Below, find the line containing "Es hat ganz"; from there to the final line, print every line exactly and skip the pictures.

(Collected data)
☆ ☆ ☆

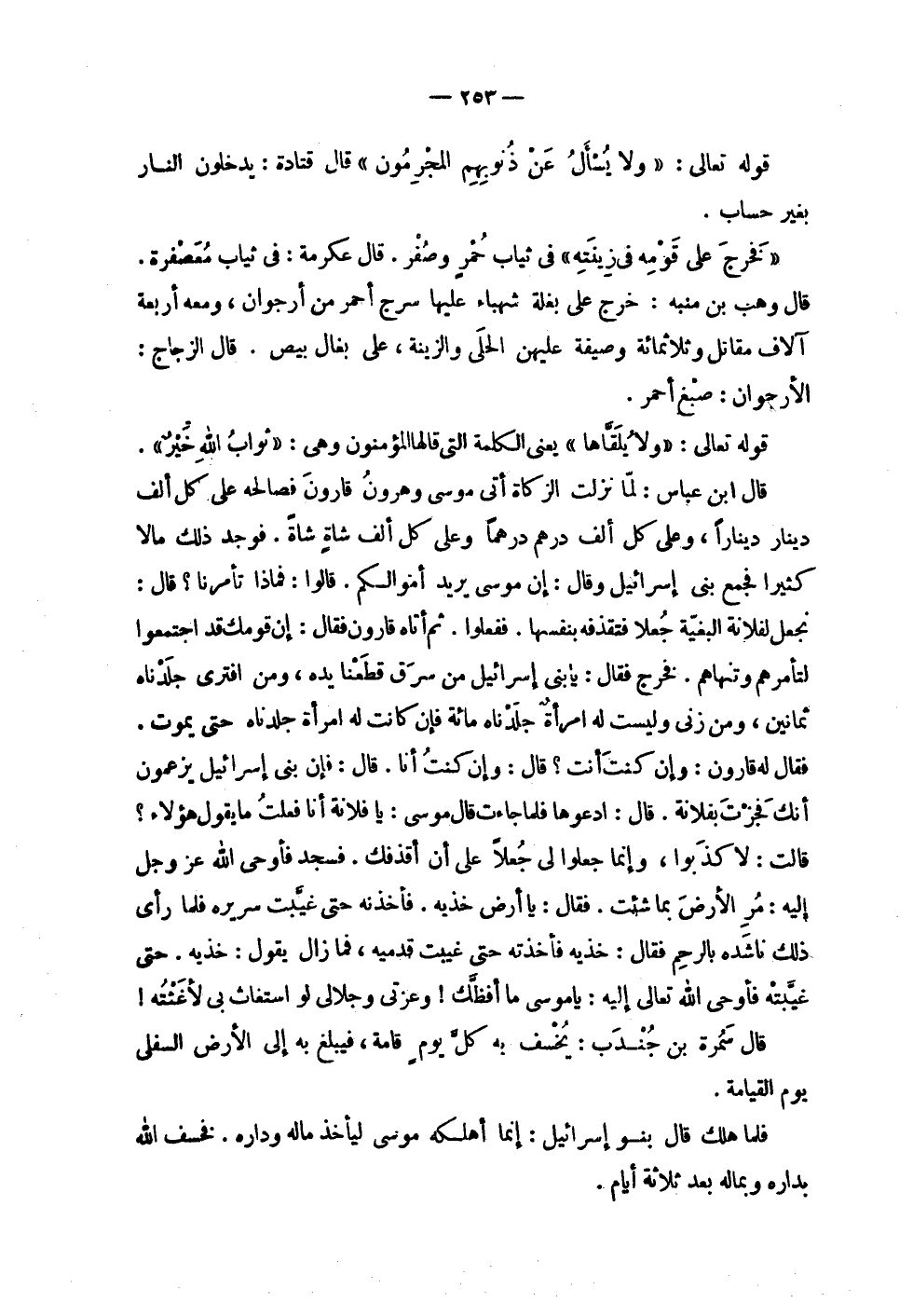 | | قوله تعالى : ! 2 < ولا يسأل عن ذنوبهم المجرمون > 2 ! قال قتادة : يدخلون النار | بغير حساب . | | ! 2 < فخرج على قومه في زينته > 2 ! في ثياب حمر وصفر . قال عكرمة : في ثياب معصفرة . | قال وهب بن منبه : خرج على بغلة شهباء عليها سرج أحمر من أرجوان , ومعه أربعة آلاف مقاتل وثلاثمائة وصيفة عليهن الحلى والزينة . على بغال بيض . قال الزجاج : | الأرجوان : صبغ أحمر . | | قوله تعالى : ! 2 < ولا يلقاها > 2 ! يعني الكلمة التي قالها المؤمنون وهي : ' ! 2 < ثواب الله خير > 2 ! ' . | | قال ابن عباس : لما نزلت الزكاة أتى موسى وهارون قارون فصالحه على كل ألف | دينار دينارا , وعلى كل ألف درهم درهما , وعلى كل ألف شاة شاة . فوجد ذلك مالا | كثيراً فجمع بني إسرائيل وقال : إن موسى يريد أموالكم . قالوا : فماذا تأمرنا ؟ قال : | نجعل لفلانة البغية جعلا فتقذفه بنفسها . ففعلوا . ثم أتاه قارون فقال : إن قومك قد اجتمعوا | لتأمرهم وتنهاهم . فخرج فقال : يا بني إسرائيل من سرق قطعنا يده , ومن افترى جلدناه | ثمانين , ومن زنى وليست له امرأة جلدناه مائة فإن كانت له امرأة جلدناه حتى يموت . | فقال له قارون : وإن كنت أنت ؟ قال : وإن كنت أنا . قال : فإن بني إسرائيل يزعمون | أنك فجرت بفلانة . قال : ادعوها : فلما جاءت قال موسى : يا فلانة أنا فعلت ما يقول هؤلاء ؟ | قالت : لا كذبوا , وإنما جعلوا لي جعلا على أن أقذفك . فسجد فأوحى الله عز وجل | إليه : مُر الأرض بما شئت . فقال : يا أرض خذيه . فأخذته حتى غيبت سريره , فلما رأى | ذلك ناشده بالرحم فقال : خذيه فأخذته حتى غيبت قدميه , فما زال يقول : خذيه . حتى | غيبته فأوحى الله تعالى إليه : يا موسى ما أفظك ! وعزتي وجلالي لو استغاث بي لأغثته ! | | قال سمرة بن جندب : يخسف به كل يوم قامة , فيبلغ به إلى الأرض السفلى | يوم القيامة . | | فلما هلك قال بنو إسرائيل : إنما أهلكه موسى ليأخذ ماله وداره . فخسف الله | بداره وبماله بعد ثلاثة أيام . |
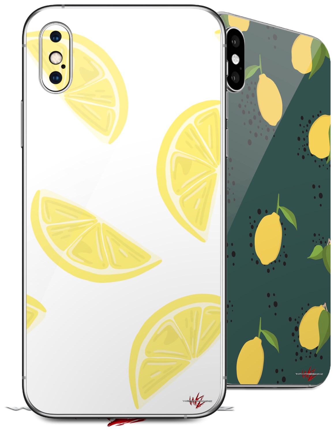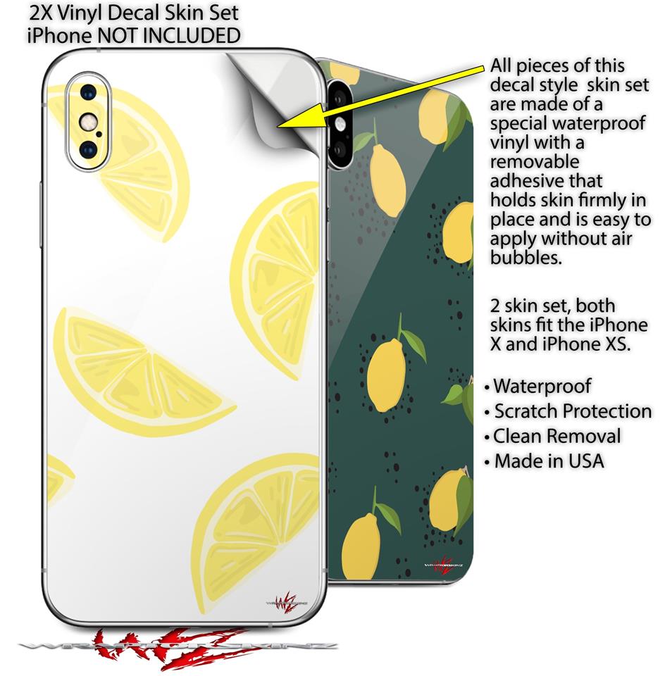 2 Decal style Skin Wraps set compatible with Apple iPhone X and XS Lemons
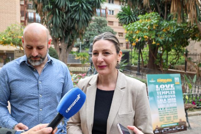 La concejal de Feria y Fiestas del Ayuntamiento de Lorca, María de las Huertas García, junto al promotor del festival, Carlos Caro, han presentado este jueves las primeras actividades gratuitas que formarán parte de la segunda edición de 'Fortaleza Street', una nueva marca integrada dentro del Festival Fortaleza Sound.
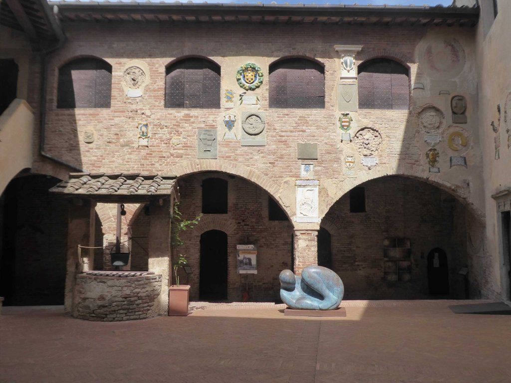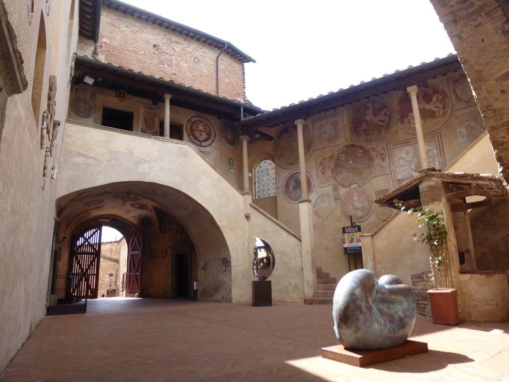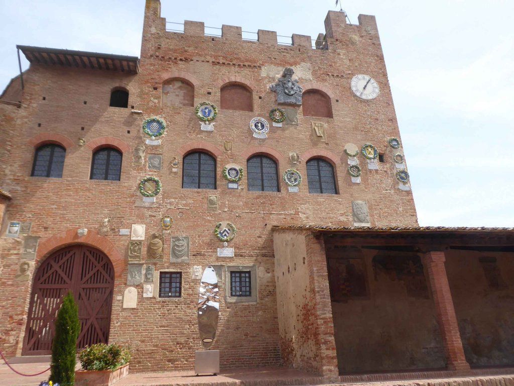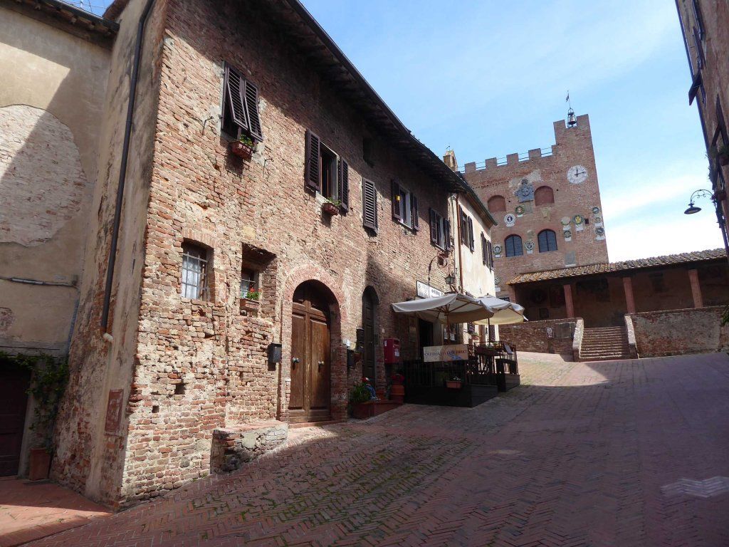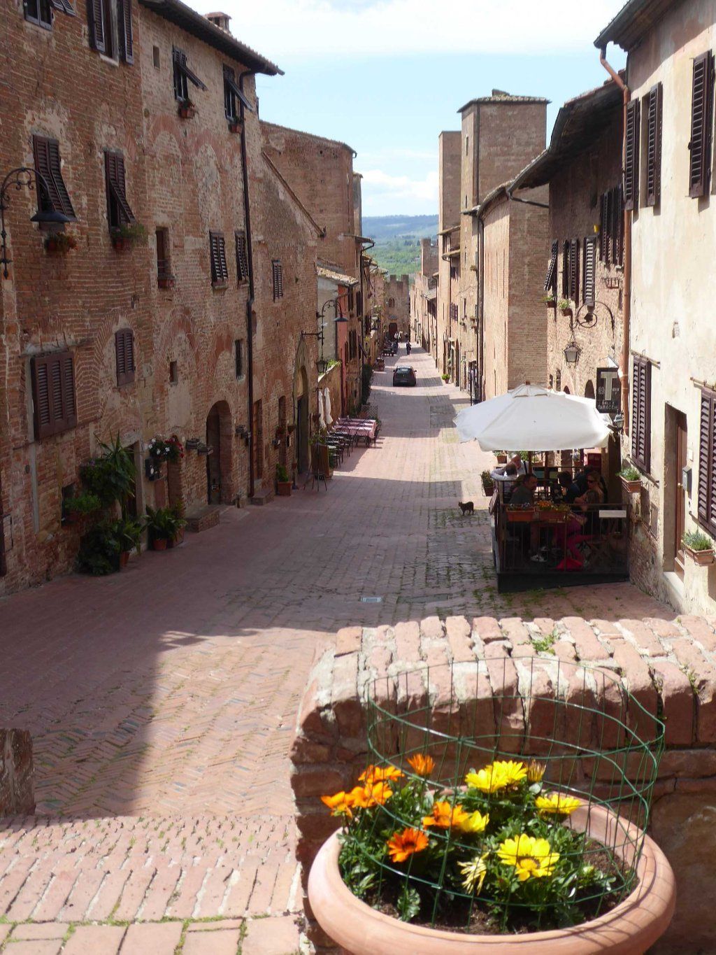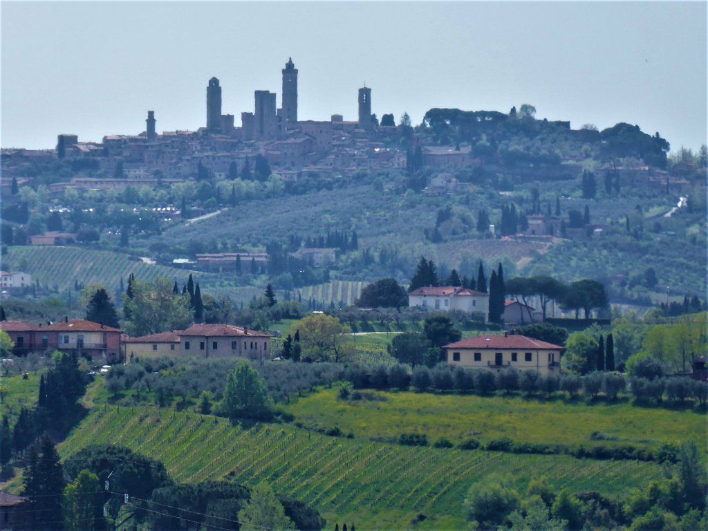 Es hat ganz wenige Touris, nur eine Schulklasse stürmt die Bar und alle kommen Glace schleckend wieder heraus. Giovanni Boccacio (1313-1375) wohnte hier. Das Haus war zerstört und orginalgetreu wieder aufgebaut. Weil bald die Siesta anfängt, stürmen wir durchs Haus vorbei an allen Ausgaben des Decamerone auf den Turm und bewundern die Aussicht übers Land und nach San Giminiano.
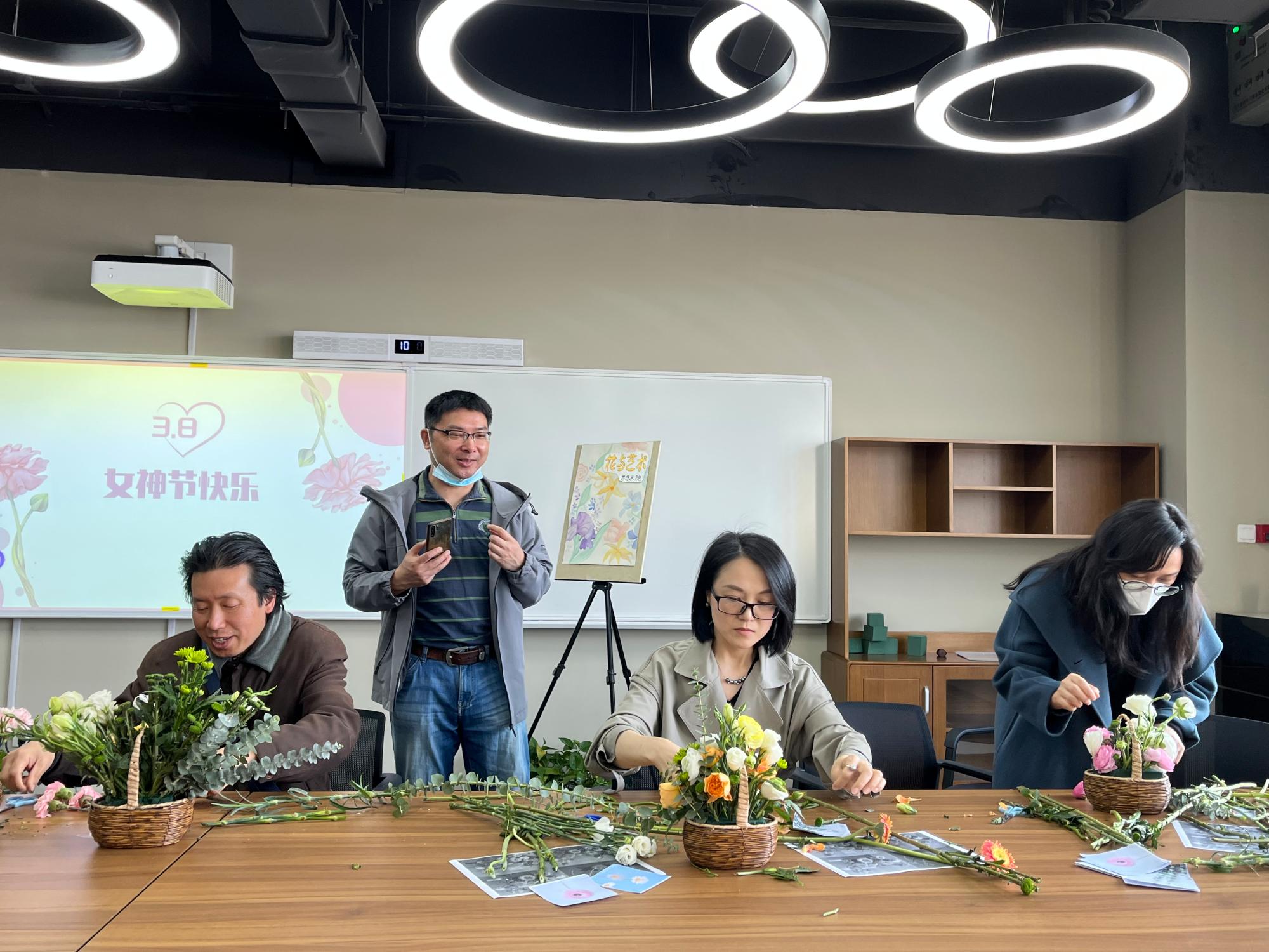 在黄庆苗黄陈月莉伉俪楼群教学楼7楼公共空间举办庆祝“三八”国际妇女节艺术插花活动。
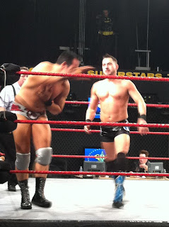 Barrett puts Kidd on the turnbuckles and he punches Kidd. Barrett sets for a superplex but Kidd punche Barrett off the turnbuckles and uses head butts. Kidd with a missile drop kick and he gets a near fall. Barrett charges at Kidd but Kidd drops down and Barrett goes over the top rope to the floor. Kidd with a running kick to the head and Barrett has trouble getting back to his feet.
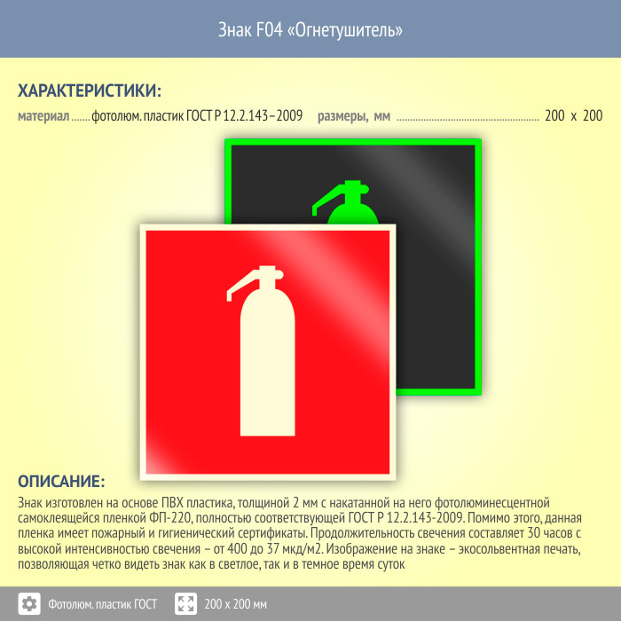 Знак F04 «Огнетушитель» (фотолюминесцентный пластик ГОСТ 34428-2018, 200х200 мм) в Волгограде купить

☆ ☆ ☆

■ **Completed exercise**:
 Es hat ganz wenige Touris, nur eine Schulklasse stürmt die Bar und alle kommen Glace schleckend wieder heraus. Giovanni Boccacio (1313-1375) wohnte hier. Das Haus war zerstört und orginalgetreu wieder aufgebaut. Weil bald die Siesta anfängt, stürmen wir durchs Haus vorbei an allen Ausgaben des Decamerone auf den Turm und bewundern die Aussicht übers Land und nach San Giminiano.
 在黄庆苗黄陈月莉伉俪楼群教学楼7楼公共空间举办庆祝“三八”国际妇女节艺术插花活动。
 Barrett puts Kidd on the turnbuckles and he punches Kidd. Barrett sets for a superplex but Kidd punche Barrett off the turnbuckles and uses head butts. Kidd with a missile drop kick and he gets a near fall. Barrett charges at Kidd but Kidd drops down and Barrett goes over the top rope to the floor. Kidd with a running kick to the head and Barrett has trouble getting back to his feet.
 Знак F04 «Огнетушитель» (фотолюминесцентный пластик ГОСТ 34428-2018, 200х200 мм) в Волгограде купить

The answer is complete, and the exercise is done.